In an interview with Barna Saha, CICS assistant professor, she described some of the research challenges and latest advances in the area of algorithm design and analysis.

The amount of data in our world has been exploding at an unforeseeable rate. The increasing volume and detail of information captured by enterprises, and the rise of multimedia, social media, and the Internet of Things are contributing to this exponential growth. Healthcare industries are promising to transform the world through "big" data. The ongoing data deluge is bringing in new opportunities in businesses, finances, and education. But with big promises, come big challenges. "If we have to bear the fruit of big data, we need to analyze this large amount of data in a timely manner and extract relevant information from it," said Saha. "We need algorithms that run fast, are robust to changes in data, and understand the trade-off between efficiency and accuracy."

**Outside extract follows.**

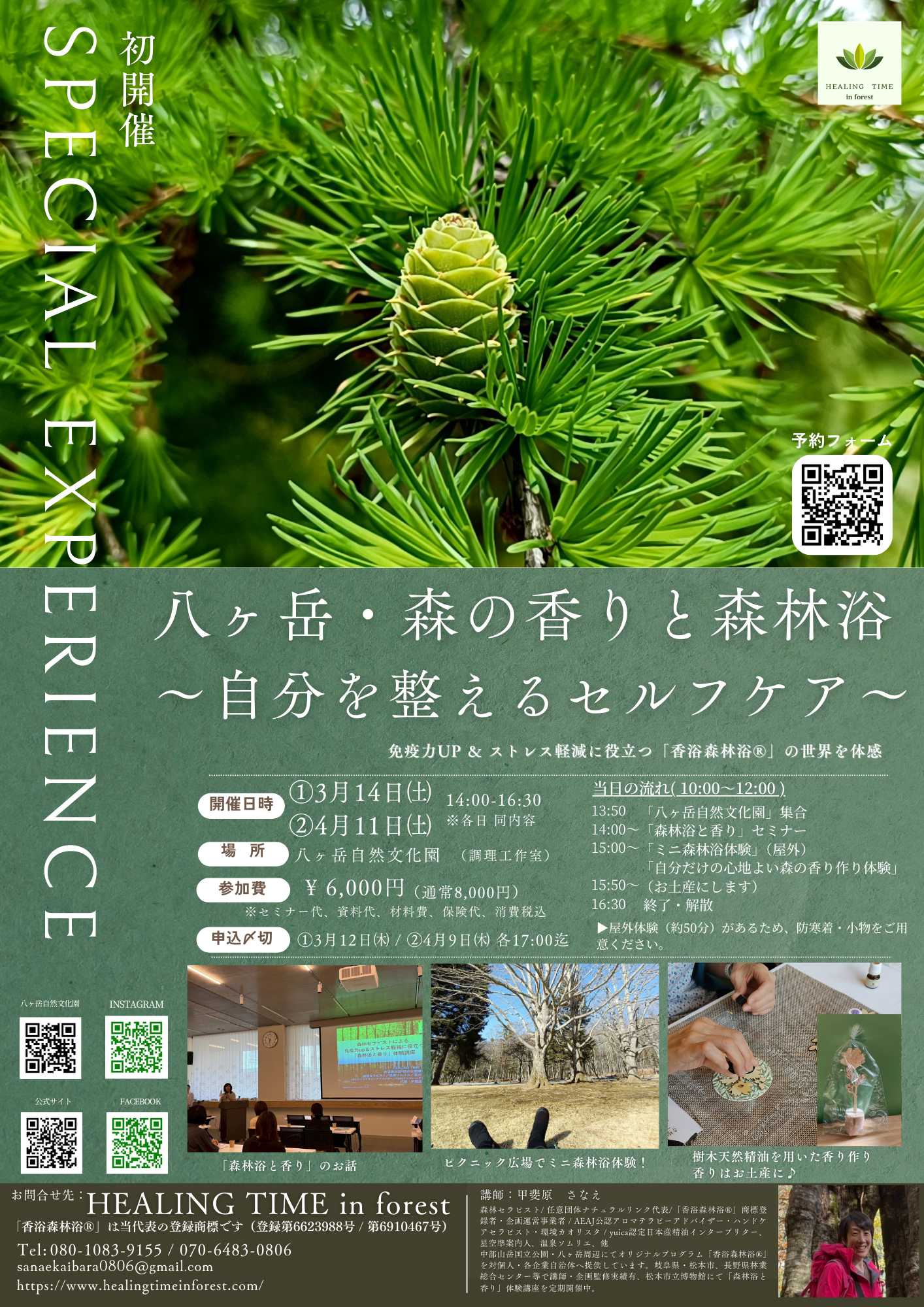 免疫力UPやストレス軽減に役立つ「香浴森林浴®」の世界を体感する、スペシャルな体験講座です。 八ヶ岳の豊かな自然の中で、心と体を整えるひとときを過ごしませんか?

From its inception, complexity theory through concepts such as NP-Hardness has classified computational problems into those that have relatively efficient solutions versus those that are intractable. Any problem that can be solved in time polynomial in the input size falls in the first category. "Let us consider the Facebook graph where each user represents a vertex in the graph and there is an edge between two vertices if the corresponding users are friends," said Saha. In 2014, Facebook had more than 1.32 billion users, approximately 1/7th of the world population. A simple query of finding all-pairs shortest distance requires cubic time-complexity in the number of vertices, i.e., more than the total time since the inception of the earth. Clearly this is not efficient. "We need a finer-grained classification of problems categorized as 'efficient' under the traditional complexity theory," noted Saha. "We need to design faster algorithms, or to understand why such algorithms do not exist."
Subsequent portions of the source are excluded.